Understanding better tools for allocation management can help ocean shippers prioritize cargo and drive lower landed costs. Proactive allocation management fueled by data-driven visibility solutions allows shippers insight into their allocation process and liberates shippers to make real-world logistics decisions in real-time. When made accessible through an easy-to-use, cross-functional interface, data-driven visibility solutions can help your business turn allocation management from a vulnerability into a strength.
But first, shippers must understand how static or disorganized data in their allocation process contributes to higher costs. This blog will explore the potential impacts on carrier relationships, back-office delays, and damage to the customer experience and brand.
1. Damage to Relationships.
One of the most worrisome risks in reactive allocation management is the potential for missed deliveries. Missed deliveries can have costs far beyond the actual price of a failed contract. Missed deliveries can damage relationships, cutting shippers off from future contracts and hurting their bottom line.
In an uncertain logistics environment, carriers and NVOs are looking to partner with “shippers-of-choice” that can provide certainty and supply chain transparency from contract to delivery. Shippers can provide clients with the necessary clarity by partnering with contract visibility platforms. Contract visibility can give shippers the flexibility they need to stay competitive in a dynamic logistics environment.

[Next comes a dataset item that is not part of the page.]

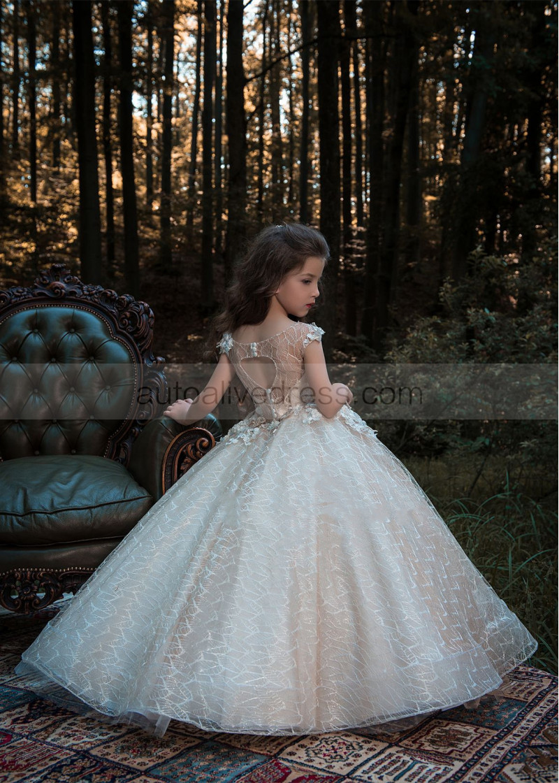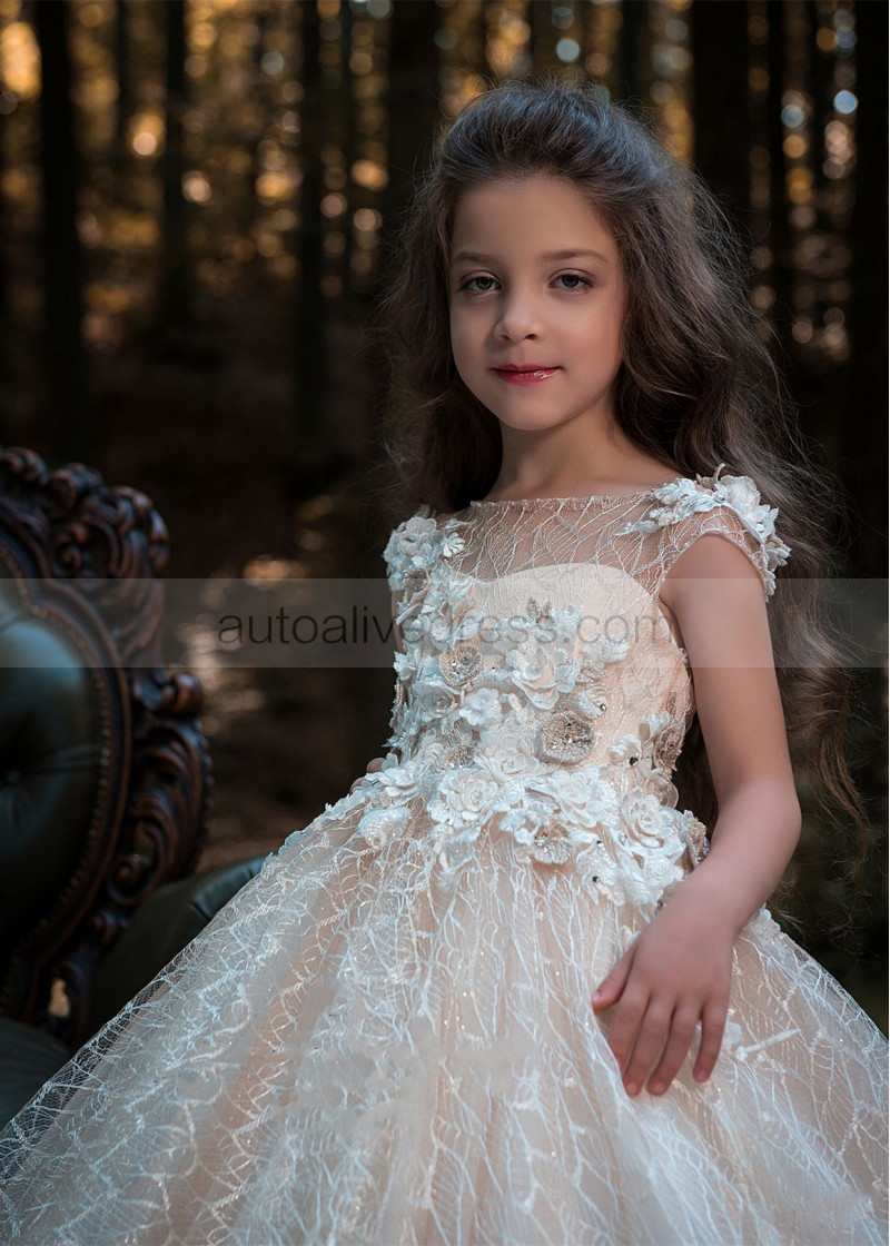 Ivory Lace Tulle Heart Back Floral Flower Girl Dress
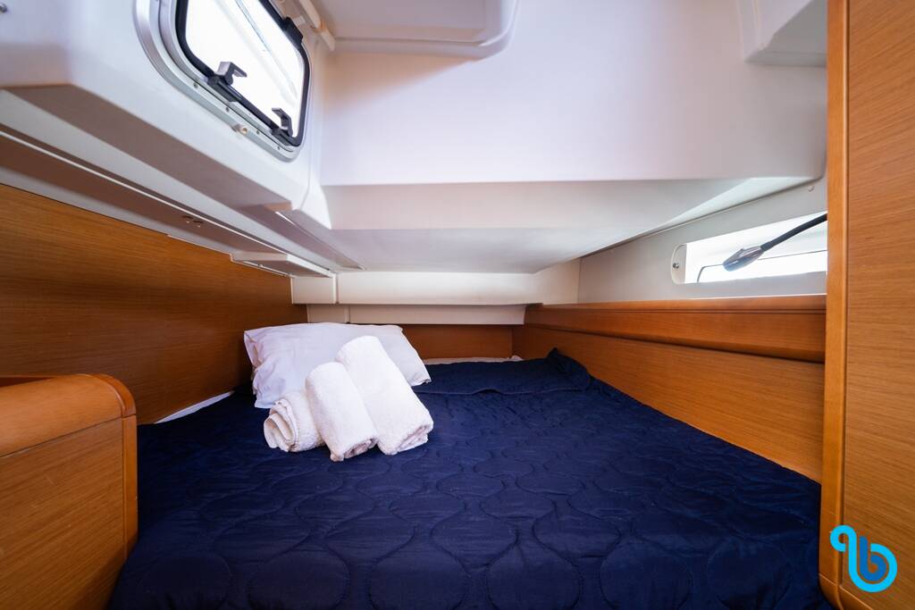 El patrón no está incluido en el precio del barco. Será posible añadir el patrón durante el procedimiento de confirmación: el coste suele oscilar entre 180 y 250 euros por día; el patrón necesita un camarote exclusivo. Tras consultar con un operador de BeBlue, será posible solicitar que el patrón duerma en la dinette (salón central).

Proactive allocation management, fueled by a tech-powered contract visibility solution, can give businesses the advantage they need to deliver on time and at scale. Providing the data businesses need, proactive allocation management takes the guesswork out of shipping.
2. Added Time and Cost to Your Team.
Reactive allocation management can cost shippers valuable efficiency, leaving staff scrambling to compensate for lost time. Often, these inefficiencies result in huge labor costs as teams work overtime to accommodate crises while still resulting in delayed or missed deliveries.
These costs can quickly spiral out of control for shippers. Shippers, forced into a difficult position, spend more time managing data manually than they had previously planned, and the cost is ultimately incorporated into the business. Now paying more for shipping, businesses are forced to divert funds to cover increased shipping costs. Though the prices of reactive allocation management start small, they can quickly balloon to affect bottom lines.
Proactive allocation management, fueled by data-integrated visibility platforms, gives shippers the information they need to utilize strategic staffing strategies and avoid worst-case scenarios. Strategic resource planning, enabled by optimized allocation, can help shippers maintain their bottom line while their deliveries are made on time.
3. Damage to Customer Experience and Brand Reputation.
In today’s world of same-day delivery, your customers’ expectations when it comes to product availability are higher than ever. Reactively managing your allocation means that companies put customer satisfaction on the line, and in today’s competitive marketplace, that’s just not a risk business can afford to take.
For businesses and shippers alike, reliability is everything. For retailers, mismanagement of allocation and late shipment arrivals can mean disappointed customers who begin turning to other products–after all, how can customers rely on a product that isn’t there? For shippers, these missed shipments can have catastrophic consequences and can quickly spoil previously untarnished brand images.
By partnering with a proactive allocation management solution, shippers can provide the visibility they need to survive and thrive in a competitive marketplace. Visibility solutions allow companies to access all of their contractual obligations in one place, accessible by all teams, ensuring that shippers deliver on time and customers stay happy.
Avoid the Direct and Indirect Costs of Reactive Allocation Management with NYSHEX.
Reactive allocation management puts client satisfaction on the line, leaving businesses vulnerable to even minor logistical hurdles. With data-integrated proactive allocation strategies fueled by a real-time visibility solution, shippers can provide their customers with the products they need to stay competitive in a cut-throat logistics environment.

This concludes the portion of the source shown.